Monday, January 3, 2011


This is a true story.

When I was just a little kid, my older sister came home one evening with a little Chihuahua puppy.  And this dog was so little it could stand in your hand.  My dad took one look at this animal and exclaimed, “That’s a dog?”  Apparently he had had bigger dogs in the past. 

M sister was grinning, and told us about what had happened on the way home.  She had stopped at the local bakery to buy something and was standing in line.  She was holding the pup, but wanted her hands to be free, so she put the dog on a large decorative button on the lapel of her coat.  After a few minutes the woman standing behind my sister suddenly exclaimed, “IT MOVED!”  Apparently she thought was just part of the coat’s decoration.

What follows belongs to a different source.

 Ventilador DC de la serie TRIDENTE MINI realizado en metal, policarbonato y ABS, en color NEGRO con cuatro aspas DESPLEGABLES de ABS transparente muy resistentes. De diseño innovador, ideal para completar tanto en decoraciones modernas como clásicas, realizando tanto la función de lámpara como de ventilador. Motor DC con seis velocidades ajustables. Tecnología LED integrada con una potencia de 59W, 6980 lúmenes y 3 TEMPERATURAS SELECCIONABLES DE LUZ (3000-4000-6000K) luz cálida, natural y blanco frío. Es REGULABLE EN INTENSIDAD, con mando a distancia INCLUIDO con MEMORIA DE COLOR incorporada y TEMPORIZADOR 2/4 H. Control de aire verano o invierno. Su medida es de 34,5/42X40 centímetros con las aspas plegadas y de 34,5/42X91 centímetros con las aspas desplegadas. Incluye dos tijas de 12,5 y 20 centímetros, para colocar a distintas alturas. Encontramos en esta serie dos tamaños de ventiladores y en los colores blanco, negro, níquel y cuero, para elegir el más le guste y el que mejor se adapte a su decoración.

My sister kept Henry (that’s what she named him) in her bedroom where he had water and a basket with a blanket on the floor where the dog could sleep.  Each morning my mom used to give me a plate with some scrambled raw egg for me to take up to Henry, which he would happily schlurp up.

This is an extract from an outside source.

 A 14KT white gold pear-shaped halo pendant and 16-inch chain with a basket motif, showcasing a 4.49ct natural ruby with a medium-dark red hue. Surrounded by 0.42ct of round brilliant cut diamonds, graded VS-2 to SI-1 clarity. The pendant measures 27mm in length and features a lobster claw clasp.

One time the family went out for the evening, but my dad did not go.  When they came home, Pop was no where to be found.  He wasn’t in the living room, or the kitchen, or asleep in his own bed.  Then when my sister opened her bedroom door to go to bed, she discovered Pop -- stretched out on the floor with his head in the dog’s basket.  Where was the dog?  Sound asleep, on top of my father’s head!

Other humor -

A man goes to his dentist because he feels something wrong in his mouth. The dentist examines him and says, "that new upper plate I put in for you six months ago is eroding. What have you been eating?"

The man replies, "All I can think of is that about four months ago my wife made some asparagus and put some stuff on it that was delicious...Hollandaise sauce. I loved it so much I now put it on everything --- meat, toast, fish, vegetables, everything."

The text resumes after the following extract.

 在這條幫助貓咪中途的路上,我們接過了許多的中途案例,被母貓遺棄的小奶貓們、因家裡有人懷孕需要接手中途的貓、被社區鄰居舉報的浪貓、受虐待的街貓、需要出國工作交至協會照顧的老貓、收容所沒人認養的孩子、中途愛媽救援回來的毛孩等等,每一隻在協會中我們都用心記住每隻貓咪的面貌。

"Well," says the dentist, "that's probably the problem. Hollandaise sauce is made with lots of lemon juice, which is highly corrosive. It's eaten away your upper plate. I'll make you a new plate, and this time use chrome." "Why chrome?" asks the patient.

To which the dentist replies, "It's simple. Everyone knows that there's no plate like chrome for the Hollandaise!"


  1. When I was young, maybe 4 or 5, Dad brought home a goose with a broken wing one autumn day and installed it in the basement. This was back when Canada Geese were an endangered species. The problem was my mom heartily dislikes birds (bad farm experience when she was a girl) and all the laundry machines were in the basement with the goose.
    After the goose chased her to the stairs, hissing all the way, she made Dad take over the laundry duties until the goose healed up and was released in the Spring.

  2. I must find out what Hollandaise sauce tastes like. "Chrome for the Hollandaise" HAHAHAHAHAHA

  3. @Diana: my husband's cousin had a pet goose that guarded the backyard and was only friendly to her, barely tolerant of her husband.

    There was a rash of burglaries in the neighborhood, till the neighbor next door looked out to see that goose chasing the perp and the perp running for his life from one very angry trespassed-against big bird!

  4. loved the story about Henry! Thanks for sharing!